Above $\varTheta (\cdot )$ is used to represent big-Theta notation.

We now turn to Term II. The following result mimics Lemma 4 in Agrawal and Goyal (2012), and is a consequence of the close link between beta and binomial distributions and the Chernoff–Hoeffding bound.
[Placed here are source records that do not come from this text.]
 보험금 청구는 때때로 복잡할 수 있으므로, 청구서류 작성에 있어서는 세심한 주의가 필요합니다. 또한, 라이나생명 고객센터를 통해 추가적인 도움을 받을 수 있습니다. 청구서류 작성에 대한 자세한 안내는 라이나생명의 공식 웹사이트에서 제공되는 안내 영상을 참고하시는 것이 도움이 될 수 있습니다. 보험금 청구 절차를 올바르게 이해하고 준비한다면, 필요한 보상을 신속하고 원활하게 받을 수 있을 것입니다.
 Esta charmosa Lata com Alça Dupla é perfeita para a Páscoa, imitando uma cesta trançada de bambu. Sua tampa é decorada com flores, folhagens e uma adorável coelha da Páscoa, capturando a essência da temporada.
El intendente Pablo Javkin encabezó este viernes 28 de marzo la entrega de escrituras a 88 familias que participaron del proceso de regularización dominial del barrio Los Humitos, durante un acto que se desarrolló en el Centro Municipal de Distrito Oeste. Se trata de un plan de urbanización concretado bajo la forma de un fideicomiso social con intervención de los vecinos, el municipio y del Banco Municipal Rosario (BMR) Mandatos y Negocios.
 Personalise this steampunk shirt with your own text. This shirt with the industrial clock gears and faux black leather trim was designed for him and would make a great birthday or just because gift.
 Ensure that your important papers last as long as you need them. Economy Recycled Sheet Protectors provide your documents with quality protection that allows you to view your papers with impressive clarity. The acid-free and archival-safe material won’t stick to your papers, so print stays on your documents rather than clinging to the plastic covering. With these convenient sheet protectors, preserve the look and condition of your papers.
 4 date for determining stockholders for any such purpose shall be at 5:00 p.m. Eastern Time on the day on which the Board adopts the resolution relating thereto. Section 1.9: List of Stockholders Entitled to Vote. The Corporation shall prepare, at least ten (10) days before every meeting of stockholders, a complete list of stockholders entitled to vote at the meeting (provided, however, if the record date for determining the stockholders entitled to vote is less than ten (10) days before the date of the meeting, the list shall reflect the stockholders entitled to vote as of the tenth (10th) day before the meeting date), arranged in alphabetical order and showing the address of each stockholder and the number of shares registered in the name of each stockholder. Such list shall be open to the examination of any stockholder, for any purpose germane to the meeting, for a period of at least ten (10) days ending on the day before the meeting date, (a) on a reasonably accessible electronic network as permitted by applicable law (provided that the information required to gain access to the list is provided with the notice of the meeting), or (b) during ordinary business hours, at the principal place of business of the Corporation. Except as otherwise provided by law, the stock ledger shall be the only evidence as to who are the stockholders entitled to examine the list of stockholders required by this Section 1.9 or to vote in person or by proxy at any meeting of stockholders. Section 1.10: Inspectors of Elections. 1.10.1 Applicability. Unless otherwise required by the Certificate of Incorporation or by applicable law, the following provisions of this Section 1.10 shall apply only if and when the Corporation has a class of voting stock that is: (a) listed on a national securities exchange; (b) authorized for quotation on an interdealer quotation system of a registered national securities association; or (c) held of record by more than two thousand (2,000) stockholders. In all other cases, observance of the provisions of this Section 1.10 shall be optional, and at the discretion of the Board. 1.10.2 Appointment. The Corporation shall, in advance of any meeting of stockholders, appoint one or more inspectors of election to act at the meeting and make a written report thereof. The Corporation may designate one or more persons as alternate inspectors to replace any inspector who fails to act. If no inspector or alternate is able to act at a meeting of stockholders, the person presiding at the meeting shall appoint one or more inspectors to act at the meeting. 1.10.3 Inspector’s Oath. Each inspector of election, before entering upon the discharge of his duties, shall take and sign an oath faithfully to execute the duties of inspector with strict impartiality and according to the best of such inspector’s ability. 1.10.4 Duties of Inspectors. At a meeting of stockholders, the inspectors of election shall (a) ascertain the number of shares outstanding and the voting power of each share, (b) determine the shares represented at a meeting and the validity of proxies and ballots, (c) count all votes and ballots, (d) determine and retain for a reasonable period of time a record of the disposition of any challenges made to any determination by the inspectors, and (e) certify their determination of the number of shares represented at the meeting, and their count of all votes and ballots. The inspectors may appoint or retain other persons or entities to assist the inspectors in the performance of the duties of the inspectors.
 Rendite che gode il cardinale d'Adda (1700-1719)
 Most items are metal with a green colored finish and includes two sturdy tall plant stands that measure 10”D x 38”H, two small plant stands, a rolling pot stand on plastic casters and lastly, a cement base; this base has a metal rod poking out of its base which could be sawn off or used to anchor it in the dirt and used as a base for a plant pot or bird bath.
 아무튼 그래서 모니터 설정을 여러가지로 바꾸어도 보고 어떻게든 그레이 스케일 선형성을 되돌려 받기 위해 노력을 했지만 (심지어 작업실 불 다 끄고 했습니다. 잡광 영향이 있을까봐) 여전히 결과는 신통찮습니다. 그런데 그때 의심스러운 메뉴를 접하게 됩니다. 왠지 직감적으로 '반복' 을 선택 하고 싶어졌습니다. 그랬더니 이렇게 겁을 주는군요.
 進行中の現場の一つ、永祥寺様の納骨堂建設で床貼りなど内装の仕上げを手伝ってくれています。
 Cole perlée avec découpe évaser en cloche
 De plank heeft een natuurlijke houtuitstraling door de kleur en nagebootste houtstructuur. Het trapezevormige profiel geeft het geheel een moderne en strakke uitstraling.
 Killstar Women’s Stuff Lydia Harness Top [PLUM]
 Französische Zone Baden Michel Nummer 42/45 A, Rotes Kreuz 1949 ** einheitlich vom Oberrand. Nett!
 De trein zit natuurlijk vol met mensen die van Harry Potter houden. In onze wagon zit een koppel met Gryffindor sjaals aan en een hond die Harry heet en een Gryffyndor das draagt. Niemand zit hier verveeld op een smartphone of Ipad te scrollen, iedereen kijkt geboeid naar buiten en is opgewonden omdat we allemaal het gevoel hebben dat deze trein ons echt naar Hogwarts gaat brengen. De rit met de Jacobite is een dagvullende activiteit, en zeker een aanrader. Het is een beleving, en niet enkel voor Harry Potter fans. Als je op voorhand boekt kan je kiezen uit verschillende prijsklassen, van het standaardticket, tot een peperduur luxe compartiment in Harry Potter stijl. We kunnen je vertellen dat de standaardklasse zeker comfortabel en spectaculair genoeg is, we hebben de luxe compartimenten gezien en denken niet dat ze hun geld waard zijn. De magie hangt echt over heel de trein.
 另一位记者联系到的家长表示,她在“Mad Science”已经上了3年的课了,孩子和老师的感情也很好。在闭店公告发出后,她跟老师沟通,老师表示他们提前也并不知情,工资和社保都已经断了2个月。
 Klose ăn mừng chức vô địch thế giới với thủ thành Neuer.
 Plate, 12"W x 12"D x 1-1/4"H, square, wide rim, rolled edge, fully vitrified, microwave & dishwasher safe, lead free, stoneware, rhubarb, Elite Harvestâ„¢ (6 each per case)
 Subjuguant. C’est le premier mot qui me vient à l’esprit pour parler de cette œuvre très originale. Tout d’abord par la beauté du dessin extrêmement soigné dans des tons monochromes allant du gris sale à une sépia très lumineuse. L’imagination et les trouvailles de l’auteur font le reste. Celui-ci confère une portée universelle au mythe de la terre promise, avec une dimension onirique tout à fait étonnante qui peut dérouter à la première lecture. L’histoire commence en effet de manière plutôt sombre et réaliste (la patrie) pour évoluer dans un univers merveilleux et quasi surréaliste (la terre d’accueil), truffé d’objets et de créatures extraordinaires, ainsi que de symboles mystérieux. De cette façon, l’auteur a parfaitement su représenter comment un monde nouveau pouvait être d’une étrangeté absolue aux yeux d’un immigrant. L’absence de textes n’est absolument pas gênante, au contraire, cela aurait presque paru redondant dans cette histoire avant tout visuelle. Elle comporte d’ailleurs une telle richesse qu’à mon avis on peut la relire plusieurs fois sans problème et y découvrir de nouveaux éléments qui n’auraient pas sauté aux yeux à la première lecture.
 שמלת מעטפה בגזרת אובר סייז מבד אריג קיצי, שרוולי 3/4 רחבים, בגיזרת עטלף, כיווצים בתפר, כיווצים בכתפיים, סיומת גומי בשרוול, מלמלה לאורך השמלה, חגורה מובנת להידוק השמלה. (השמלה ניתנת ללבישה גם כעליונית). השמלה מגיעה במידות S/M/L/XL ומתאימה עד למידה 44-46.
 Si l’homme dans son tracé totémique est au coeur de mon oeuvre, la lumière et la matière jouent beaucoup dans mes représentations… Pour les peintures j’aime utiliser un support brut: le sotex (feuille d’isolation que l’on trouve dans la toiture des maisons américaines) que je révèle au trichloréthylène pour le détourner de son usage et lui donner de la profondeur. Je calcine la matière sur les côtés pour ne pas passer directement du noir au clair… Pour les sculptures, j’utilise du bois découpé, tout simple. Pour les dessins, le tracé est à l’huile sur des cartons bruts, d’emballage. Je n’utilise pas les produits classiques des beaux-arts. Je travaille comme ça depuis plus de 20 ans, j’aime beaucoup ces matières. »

We provide a proof of this result in Supplementary Appendix E.

Lemma 7

If $a\in ({\mathcal {M}}\cup {\mathcal {N}})\backslash \{K+1\}$ and $\rho _a<\rho ^\dagger <\rho ^\ddagger $, where $c_a\rho ^\ddagger < 1$, then

$$\begin{aligned} \text {Term II}\equiv \sum _{t=0}^{T-1}{{\,\mathrm{{\mathbb {P}}}\,}}\left\{ a\in {\hat{{\mathcal {A}}}}(t+1),\theta _a(t)>c_a\rho ^\ddagger ,{\hat{\mu }}_a(t)\le c_a\rho ^\dagger \right\}&\le \frac{\log T}{{{\,\mathrm{KL}\,}}(c_a\rho ^\dagger ,c_a\rho ^\ddagger )}. \end{aligned}$$

We now turn to Term III. Note that

$$\begin{aligned} \text {Term III}&= {{\,\mathrm{{\mathbb {E}}}\,}}\left[ \sum _{t=0}^{T-1} \mathbb {1}\left\{ a\in {\hat{{\mathcal {A}}}}(t+1),{\hat{\mu }}_{a,N_{a}(t)}>c_a \rho ^\dagger \right\} \right] \nonumber \\&= {{\,\mathrm{{\mathbb {E}}}\,}}\left[ \sum _{t=0}^{T-1} \sum _{n=0}^{T-1} \mathbb {1}\left\{ \tau _{a,n+1}=t+1,{\hat{\mu }}_{a,n}>c_a \rho ^\dagger \right\} \right] \nonumber \\&\le \sum _{n=0}^{T-1} {{\,\mathrm{{\mathbb {P}}}\,}}\left\{ {\hat{\mu }}_{a,n}>c_a \rho ^\dagger \right\} , \end{aligned}$$

(26)

where the latter inequality holds because $\tau _{a,n+1}=t+1$ for at most one t in $\{0,\ldots ,T-1\}$. The following lemma controls the right-hand side of the above.

Lemma 8

Fix an arm $a\in \{1,\ldots ,K\}$. If $\rho ^\dagger >\rho _a$ and $c_a \rho ^\dagger <1$, then

$$\begin{aligned} \sum _{n=0}^{T-1} {{\,\mathrm{{\mathbb {P}}}\,}}\left\{ {\hat{\mu }}_{a,n}>c_a \rho ^\dagger \right\} \le 1 + \frac{1}{{{\,\mathrm{KL}\,}}(c_a \rho ^\dagger ,\mu _a)}. \end{aligned}$$

The proof is omitted, but is an immediate consequence of the Chernoff–Hoeffding bound and the additional bounding from the proof of Lemma 3 in Agrawal and Goyal (2012). Thus we have shown that Term III is $o(\log T)$, with much to spare as well.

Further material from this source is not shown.